Hozier has a knack for immediately recalling historic events. “I just know what I’m interested in,” he says. But there are few people that can immediately recall in detail a 1996 episode of Charlie Rose featuring Irish poet Seamus Heaney. “He was talking about the sense of infiniteness that he was left with after his Catholic upbringing, thinking about your eternal life,” he says. “I found that quite an interesting way of putting it.”
The “it” he refers to is his ongoing shedding of a Catholic upbringing in an increasingly secular Ireland. “People continue these things as tradition,” he says, again referencing the repealed 8th amendment on abortion. “You’ll find the church has lost so much influence and sway with everyday people.” And then there’s his birthday: March 17 a.k.a St. Patrick’s Day. He’s only celebrated once stateside, in 2015 when performing at Nashville’s Ryman Auditorium. “We just found a quiet bar and got trashed,” he said. This year he’ll turn 29 in Charlotte, North Carolina.
For all his Irish Catholic roots, Hozier is missing a key aspect of the identity: he’s not actually Catholic.
“My folks decided to raise to their kids as Quakers, not Catholics,” he said. However, Hozier and his brother Jon attended St. Gerard's Catholic high school in Bray, Ireland. Hozier, then just Andrew, would tune out his classmates preparing for their religious confirmation. “I would sit in the corner with one of the other students whose folks were from China,” he said. “We would be like ‘Right, just start my homework.’”
Watching Hozier perform at a recent taping for an upcoming episode of PBS’ Front and Center, it’s clear he’s not nearly shed the Catholic pomp and circumstance. His stage presence is unassuming. He wears a simple, one-tone suit and is accompanied by a band and cohort of backup singers all uniformly dressed in black. But once he starts singing, his voice drops several octaves, and the religiosity ascends. On the low-tempo track “Shrike,” string chords call to his Gaelic roots, the poetic lyrics tell a fable of grief and an angelic melody that recalls Gregorian chants wraps it all in joyfulness. “The joke is always once the cross goes in, it doesn’t come out,” he says.
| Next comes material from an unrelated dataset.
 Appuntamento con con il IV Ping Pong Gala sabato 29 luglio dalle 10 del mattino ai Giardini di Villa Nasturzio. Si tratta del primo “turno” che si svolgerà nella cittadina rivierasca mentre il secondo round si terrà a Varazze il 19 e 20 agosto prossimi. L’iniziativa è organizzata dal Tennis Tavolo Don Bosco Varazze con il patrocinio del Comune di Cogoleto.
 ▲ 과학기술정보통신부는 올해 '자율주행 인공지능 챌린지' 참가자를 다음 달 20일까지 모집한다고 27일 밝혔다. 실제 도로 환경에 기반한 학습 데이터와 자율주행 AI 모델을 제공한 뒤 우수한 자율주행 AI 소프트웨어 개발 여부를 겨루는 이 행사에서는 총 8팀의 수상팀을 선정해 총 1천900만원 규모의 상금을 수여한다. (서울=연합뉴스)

Once more he cites inspiration from another famed artist. This time it’s Irish-American singer Tom Waits, who once said, “We all like bad news out of a pretty mouth.” Hozier may not technically be Catholic, but he knows all too well the dichotomy of shame and salvation. “In a Catholic tradition,” he begins again, carefully choosing his words,“what lies beyond death is judgment: judgement of yourself as a person, how you failed to be the best person you could have been, and how you failed your God.”
As Hozier continues to reckon with his Catholic identity, he’s reached his own Judgement Day, rebuking the identities thrust upon him by the Church, his fans and press. He repeatedly expresses indifference to being categorized as a one-hit wonder and avoids discussing the meaning behind his songs.
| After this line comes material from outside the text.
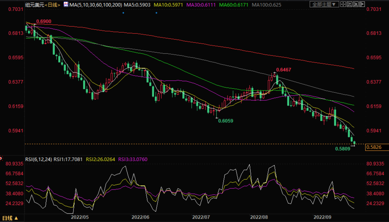 纽元/美元下跌跌至0.5810,刷新30个月低位。在这期间,纽元/美元延续前日跌破四个月支撑,以及2020-21年上行趋势的78.6%斐波位的势头。 基本面上,根据《华尔街日报》的美元指数(衡量美元兑一篮子世界主要货币的汇率),美元达到了十多年来的最高水平。1美元可以买到自上世纪90年代初以来最多的日元,英镑兑美元最近
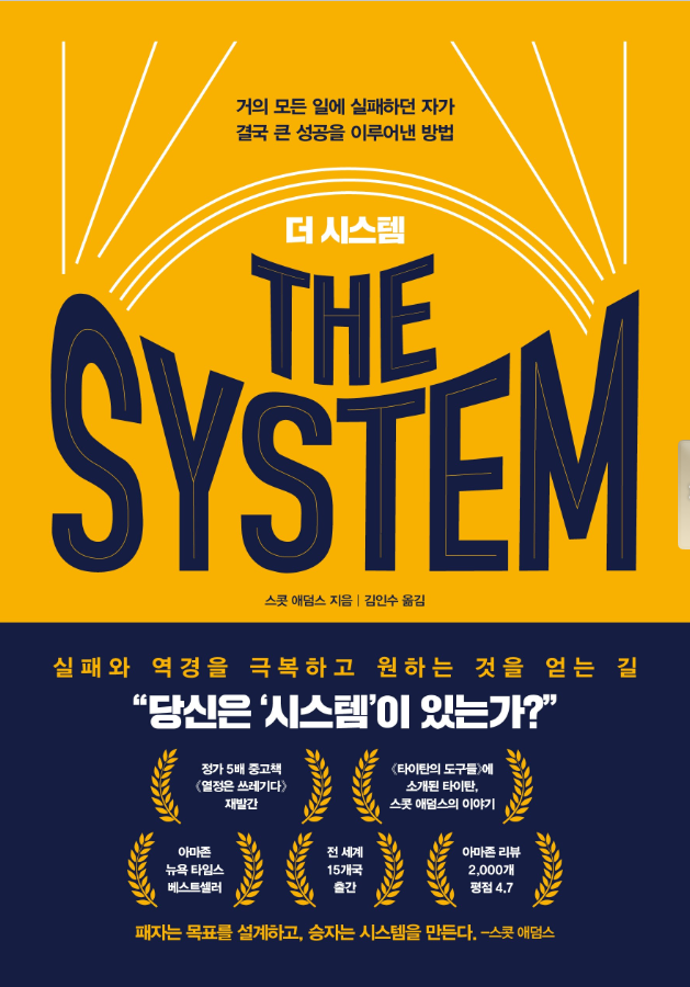 『타이탄의 도구들』의 타이탄, 스콧 애덤스의 이야기 전 세계 15개국 번역 출간 아마존 리뷰 2,000개 평점 4.7 자기계발 화제의 유튜버 ‘라이프해커자청’ 강력 추천 도서, 『열정은 쓰레기다』 재발간! “패자는 목표를 설정하고 승자는 시스템을 만든다” 거의 모든 일에 실패하던 자가 결국 큰 성공을 이루어낸 방법 전 세계 65개국 2,000여개 신문사에 실린 세계에서 가장 유명한 만화 ‘딜버트’의 작가 스콧 애덤스. 그는 『더 시스템』을 통해 “성공하려면 열정을 좇으라”는 자기계발서의 진부한 메시지를 뒤엎는다. 무조건 열정을 좇으며 포기하지 않는다고 성공하는 것이 아니며, 오히려 성공이 열정을 불러온다고 반박한다. 또한 그는 성공에 이르려면 ‘목표’가 아니라 ‘시스템’이 필요하다고 말한다. 그가 말하는 성공 모델은 개인적인 에너지에 집중하는 일부터 시작한다. 에너지를 끌어올린 후에는 성공에서 빠질 수 없는 ‘운’을 불러와야 하는데, 어떻게 운을 불러올 수 있는지를 ‘시스템’ 모델을 통해 제시한다. 그러면서 수많은 실패를 경험했던 자신의 이야기를 통해 실패를 불러들이고, 실패에서 배우고, 실패에서 배울 점을 뽑아먹을 때까지 그냥 돌려보내지 말라고 말한다. 수많은 실패에도 불구하고 어떻게 세계에서 가장 많이 연재된 만화의 창작자가 되었는지, 그 결과를 내기까지 어떤 시스템을 따랐는지 『더 시스템』에서 낱낱이 이야기한다. 자신이 목표하는 바에 항상 미치지 못한다고 생각한다면 스스로에게 이 책을 선물하길 바란다. 패배주의에서 벗어나고, 운을 끌어들이는 삶을 살게 될 것이다. |

It makes it difficult to understand who Hozier is. But perhaps it’s because he’s still learning to understand himself. “The lyrics sometimes make more sense to me when they’re read with an Irish voice,” he said of the culture’s wry, sarcastic humor. But he’s happy to be on the journey, wherever it may lead him and his career. “Nothing is scared. If you cannot laugh about things, if you cannot smile about them, really what is the point?”